_YOUR TASK:_ Once you reach the line with "随后,学院工会为全体女教职员", copy it and every line after it exactly, up to the end of the data. Omit the pictures.

_COLLECTED DATA:_
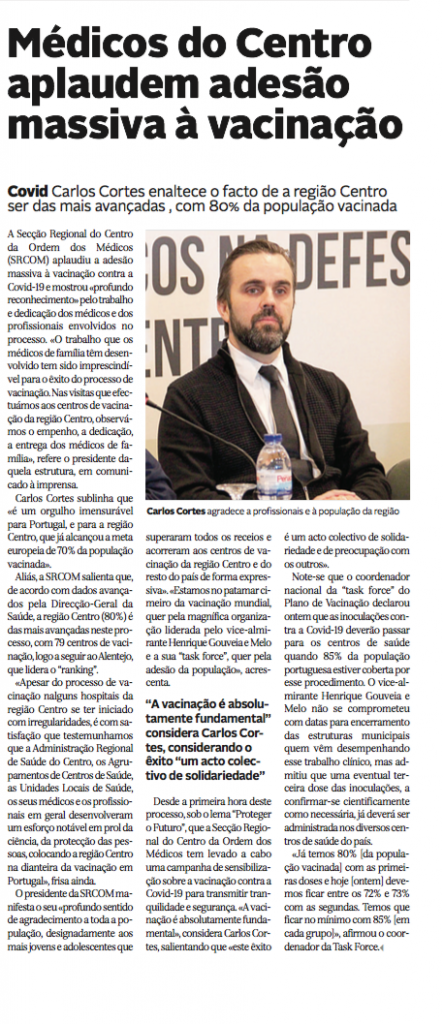 Médicos do Centro aplaudem adesão massiva à vacinação
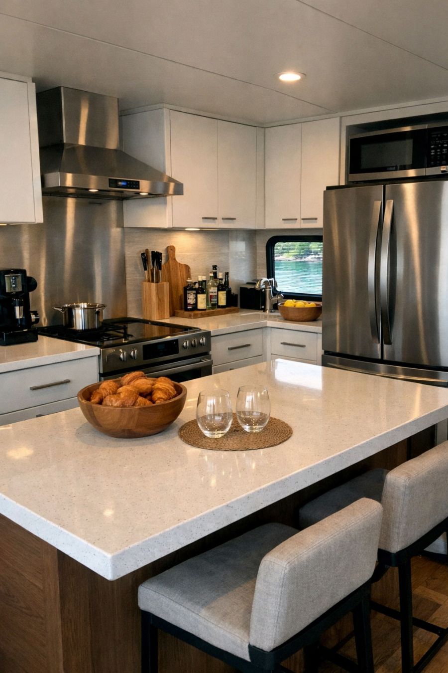 Living on this universal design houseboat offers a unique lifestyle that combines the tranquility of water living with the conveniences of modern design. It's an ideal choice for those seeking a harmonious balance between nature and urban comfort. The thoughtful design ensures accessibility for all, making it an inclusive space that caters to diverse needs and preferences. With its stunning aesthetics, smart functionality, and serene environment, this houseboat represents a new frontier in residential design, appealing to anyone looking for a beautiful and adaptable home on the water.
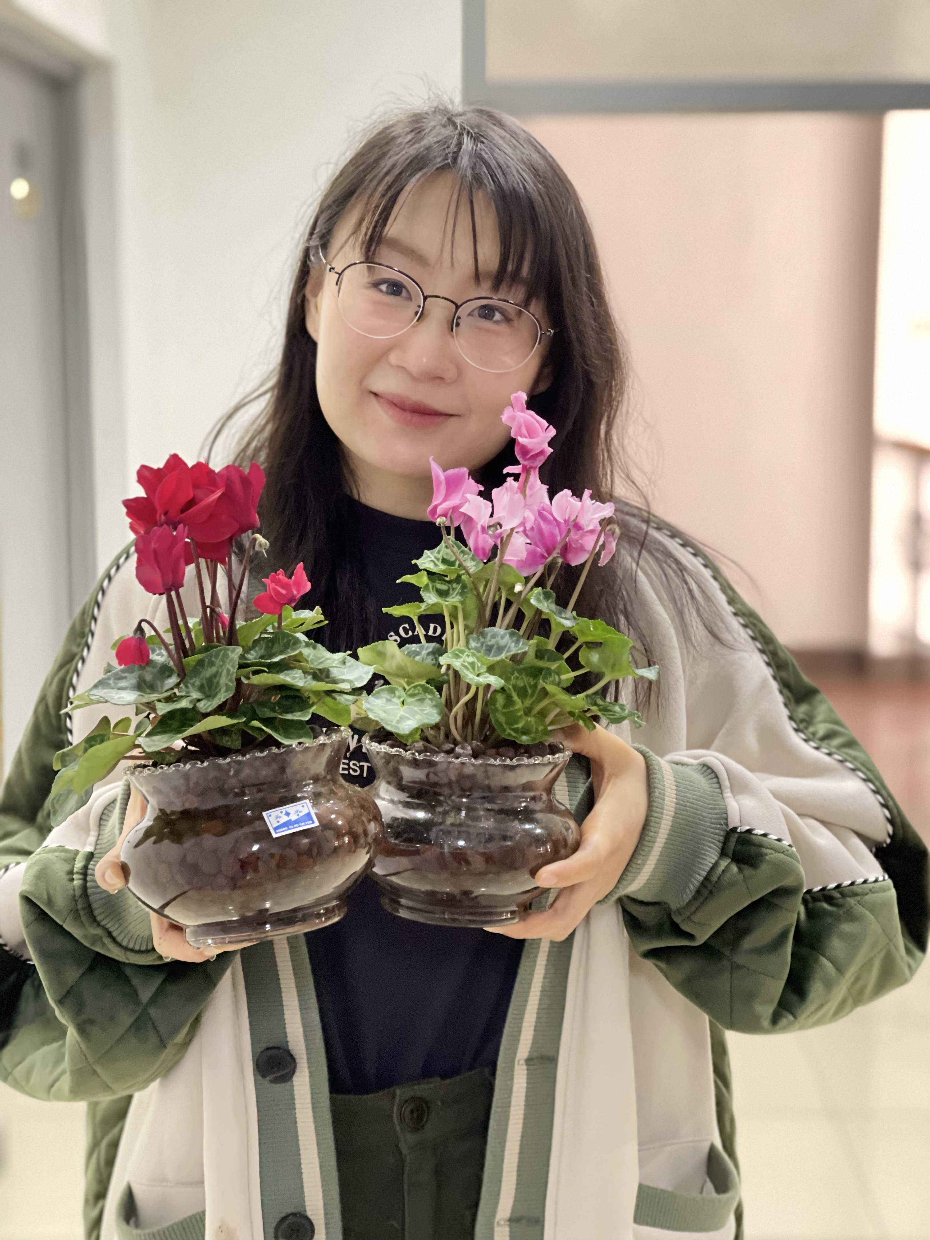 随后,学院工会为全体女教职员工送上第二份祝福,为她们所在的办公室送去精美的绿植。一盆盆妍丽的仙客来、淡雅的长寿花包含着满满的祝福送给每位美丽的女性,既装扮了环境,也装点了春天。
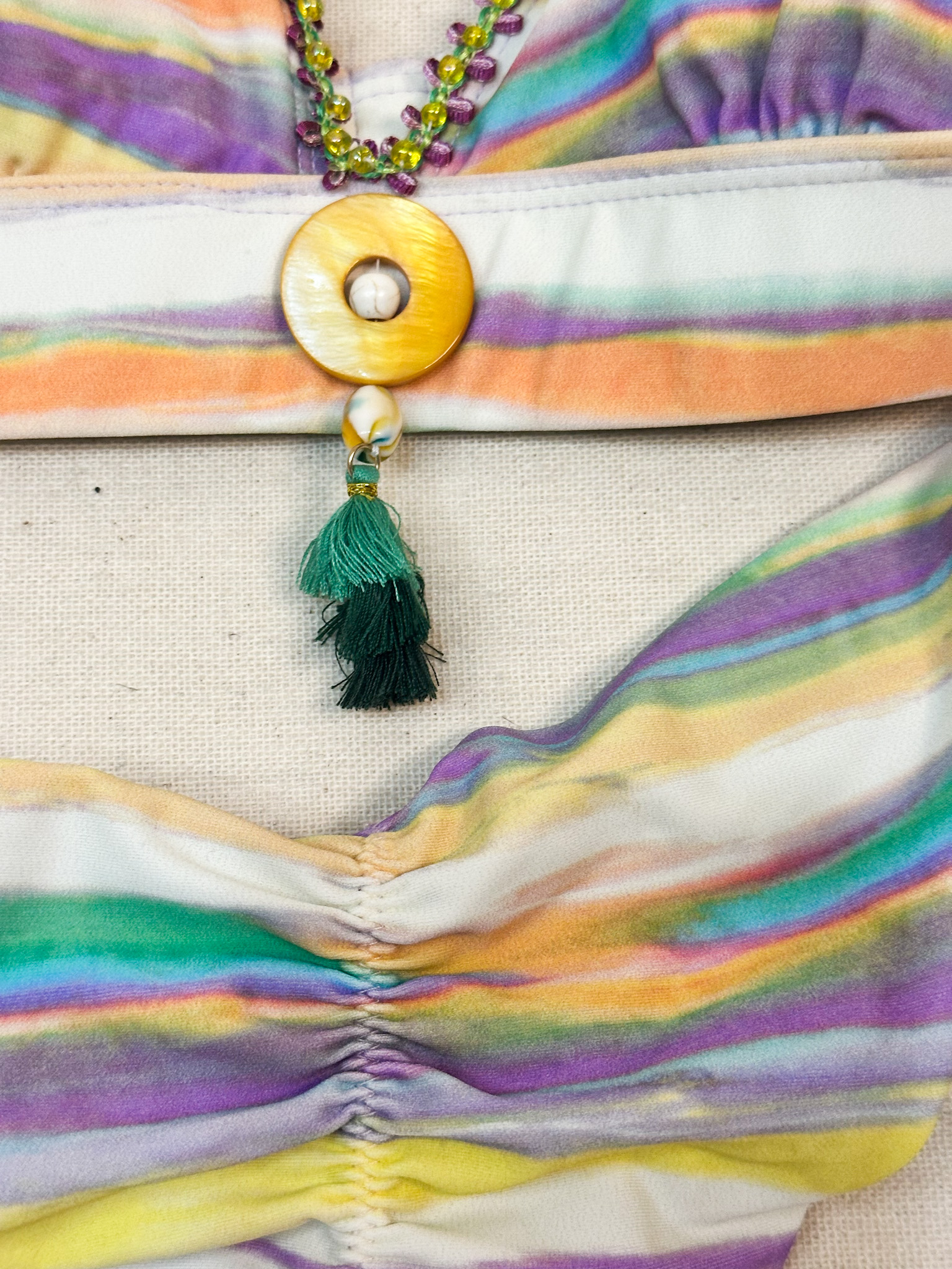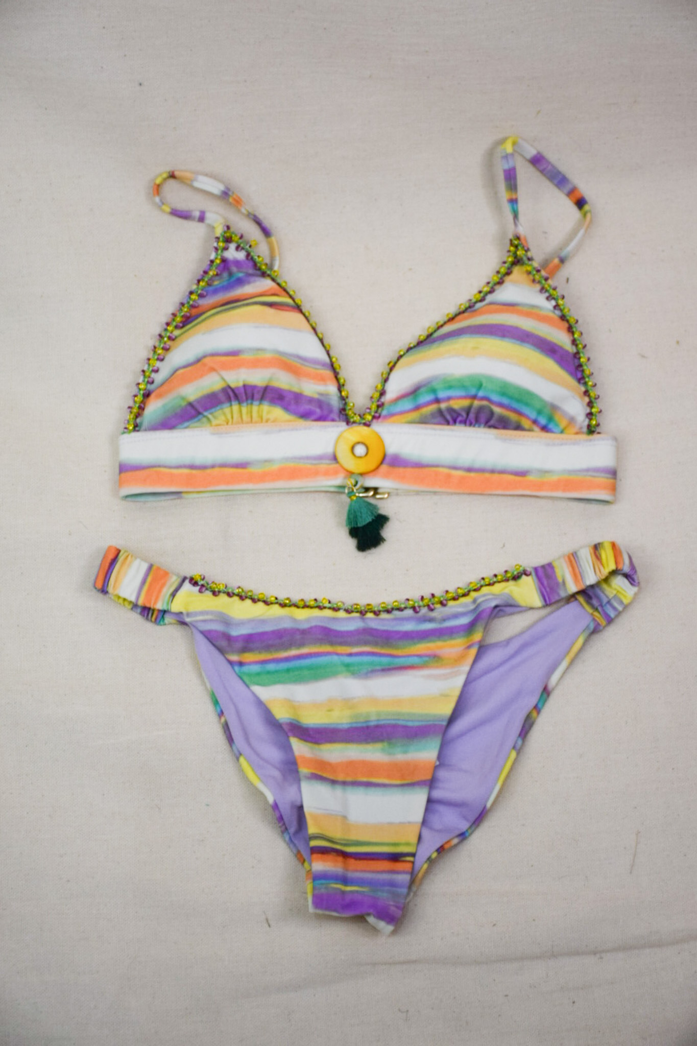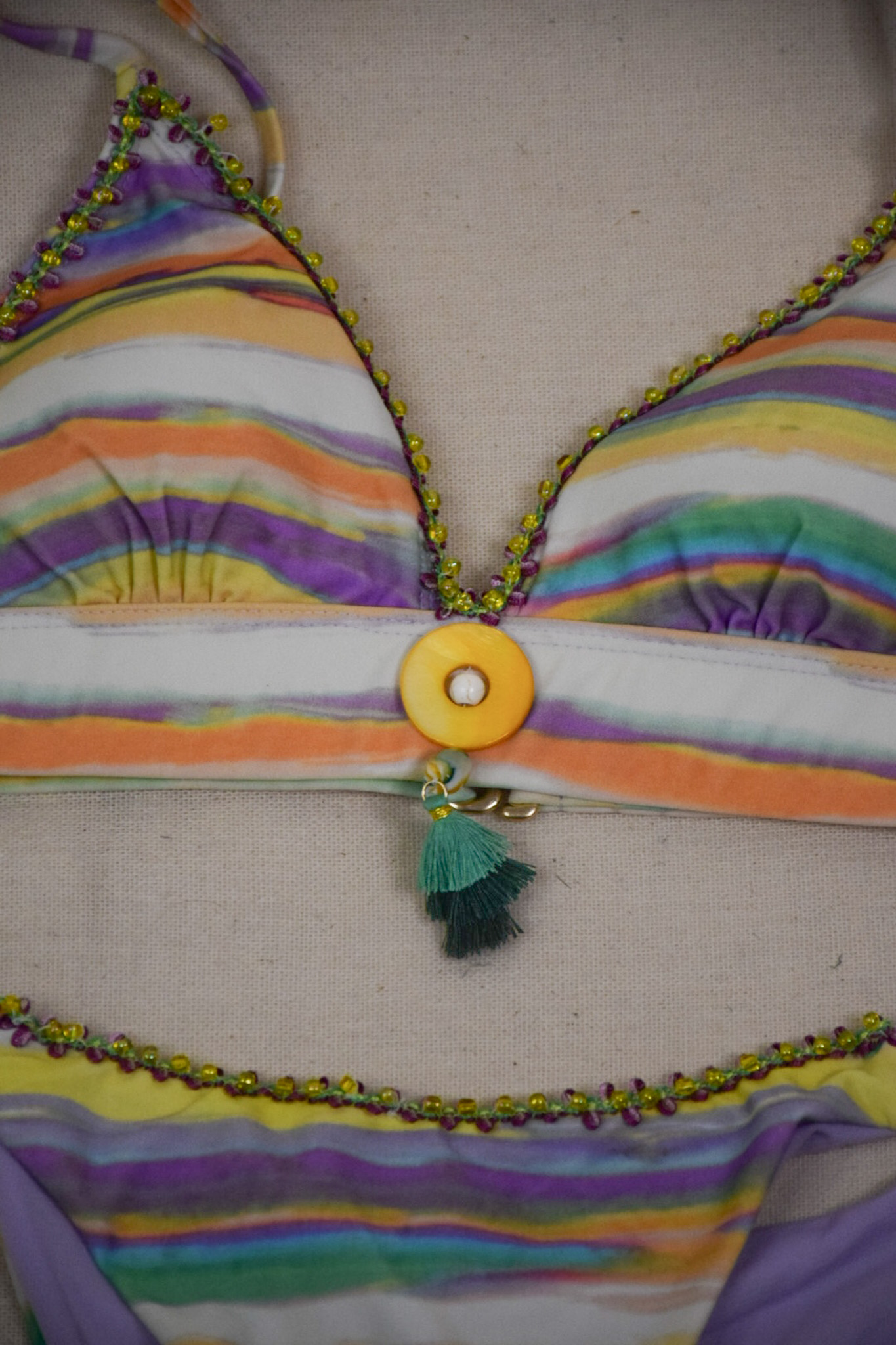 Bikini, nacar amarillo,colores ,decorado a mano, forro,talla XS.

_TASK SOLUTION:_
 随后,学院工会为全体女教职员工送上第二份祝福,为她们所在的办公室送去精美的绿植。一盆盆妍丽的仙客来、淡雅的长寿花包含着满满的祝福送给每位美丽的女性,既装扮了环境,也装点了春天。
 Bikini, nacar amarillo,colores ,decorado a mano, forro,talla XS.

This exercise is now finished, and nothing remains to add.